Tirana is an interesting, colourful and very lively city. The influence from the Communist time during the second half of the 20iest century is still visible in the style of the old buildings, squares and boulevards. But lots of the old grey Communist era houses have been painted in different colours - sometimes in soft pastel shades, sometimes with bright and abstract shapes. Mosques (and a few churches) are reopening or being rebuilt after all religion was banned at constitution level by the communist leader Enver Hoxha. On the day, there are markets and people selling things (mobile phones, shoes, food and anything else you could imagine) at every corner, old men sitting on squares playing Domino, and a cafe full of people every few steps. In the evening, there's a lot of nightlife with bars, pubs and clubs open until late or very late. Tirana also feels quite safe to walk around even late at night - the biggest danger here are missing manhole (gully) covers, leaving holes that are sometimes more than 1m deep... you have to watch your step all the time, or you might get seriously injured! Also don't trust too much on cars stopping at red lights or paying attention to stop signs or one-way streets!

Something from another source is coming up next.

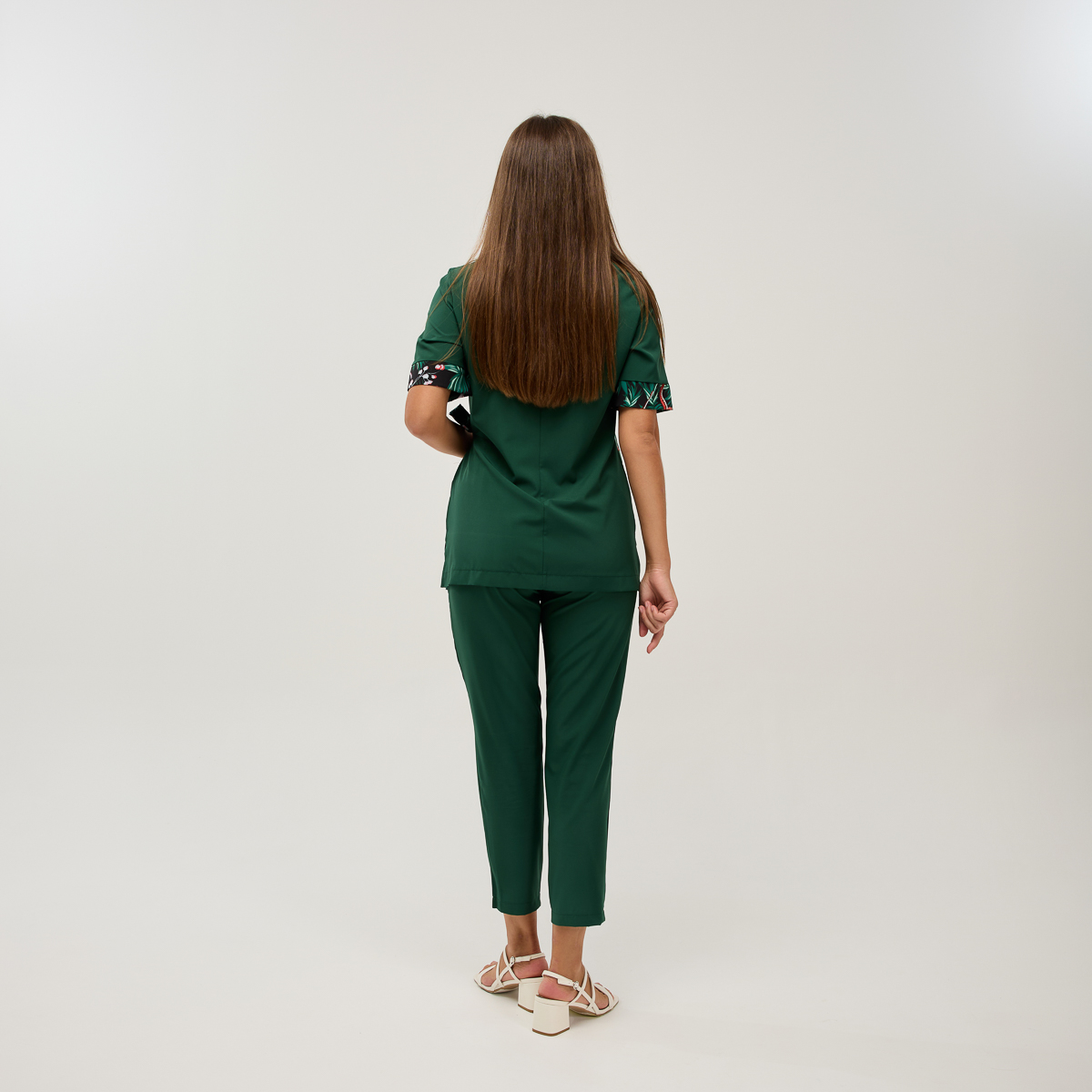 Ребекка - костюм, который мгновенно добавит изящества вашему образу! Сшит из невероятно мягкой и легкой ткани. Уникальный крой блузы подойдет для любого типа фигуры и подчеркнет ее женскую привлекательность. Цветочный рисунок добавит свежести, а укороченные, слегка облегающие брюки с карманами акцентируют внимание на изяществе ваших ног.

Apart from that, people in Tirana seem very friendly and it's easy to meet and talk to them - I had some interesting conversations, and some invited me to join them for the next bars and a late night tea/coffee stop. The nightlife is also the reason why I ended up staying for three days, not just I one day or maybe two as planned... I think one of my main problems with a bicycle tour is that going out at night is not compatible with cycling on the next day, especially not in this season when sunset is already at 4pm and you need to leave early to get anywhere before it gets dark (cycling at night in Albania is definitely not recommended). So as I was up until quite late in the evenings, of course I didn't get up very early on the next morning... but as my planned bicycle tour with some sightseeing along the way, has long turned into a sightseeing tour with the bicycle as main transport, I had already decided not to worry about the final destination that I could reach anymore, and wasn't in too much hurry to move on anyway. It's not about the destination, it's about the journey!